Posted: Saturday, June 13, 2020. 3:31 pm CST.
By Aaron Humes: Will visitors to the southernmost town of Punta Gorda, Toledo District, be welcomed by a gas station in a few years?
It’s a vision town residents are resisting this week, after word broke that the prime piece of real estate on which the ‘Welcome to Punta Gorda’ sign, shaped like a dollar coin sits at the terminus of the San Antonio Road where it splits into a Y, is being converted into a gas station.
Town Mayor Ashton McKenzie has told reporters that the piece of land had always been privately owned and was transferred to an owner from Dangriga in 2016, who has now decided to build on it.
But according to town resident, politician and activist Wil Maheia, to whom we spoke on Friday, the land has always been treated as public because the town maintains it and holds some public events there.
Not only does the town already have a gas station just a quarter-mile up the road says Maheia, but the proposed station location is just a few feet from the seaside and questions pertaining to environmental friendliness are being raised.
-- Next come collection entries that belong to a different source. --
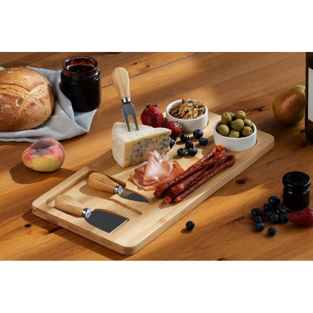 В набор входят доска из бамбука, два керамических соусника, вилка, листовидный нож для сыра твердых сортов, нож-лопатка для мягкого сыра.
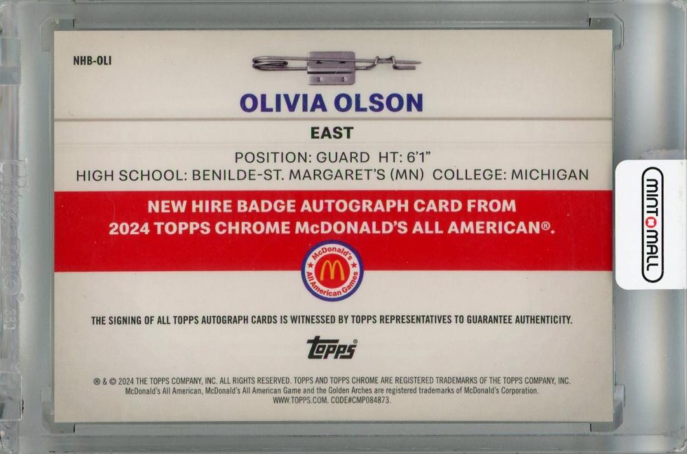 2024 Topps Chrome McDonald’s All American Olivia Olson New Hire Badge Autograph #NHB-OLI East
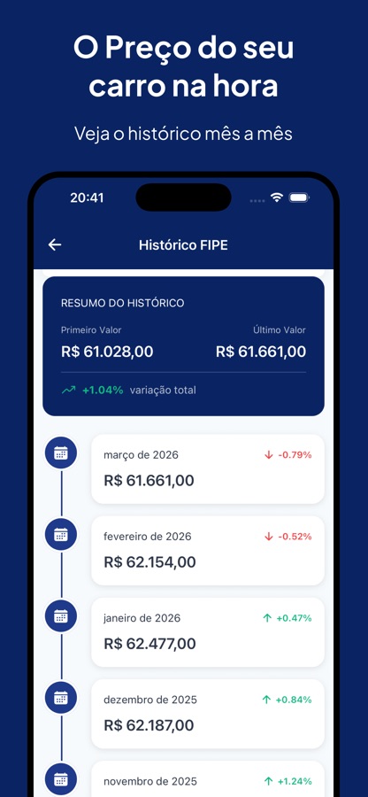 • Veja o histórico do valor do seu carro

After a meeting held on Thursday, McKenzie posted on social media, according to Maheia’s PGTV, that he would issue a stop order, but it appears he had yet to do so as of Friday, as PGTV said it observed ongoing work at the site.
Maheia said McKenzie never appeared at the Thursday meeting, but the decision was taken among residents to push the matter with the Department of the Environment, who he said must explain how they can agree with such a development, and the town building authority, who must approve any plans for such a development and has apparently done so.
According to Mayor McKenzie, such a meeting must have disseminated the facts from authorities and not be “emotionally charged.”
But residents, says Maheia, are very concerned about losing the pristine seafront to a potential oil and gas spill or accident that would damage the waters and recreational area.
Bu according to Department of the Environment CEO, Percival Cho, their concerns are largely satisfied. The land is properly owned; the inspections by the DOE and Fire Service turned up little to object to, including all required distances to the property line and nearest house were met.
And in regards to the community member’s environmental concerns, the Department has recommended underground tanks only that must be enclosed in concrete catchments that are 110% the volume of the tanks in the event of spills.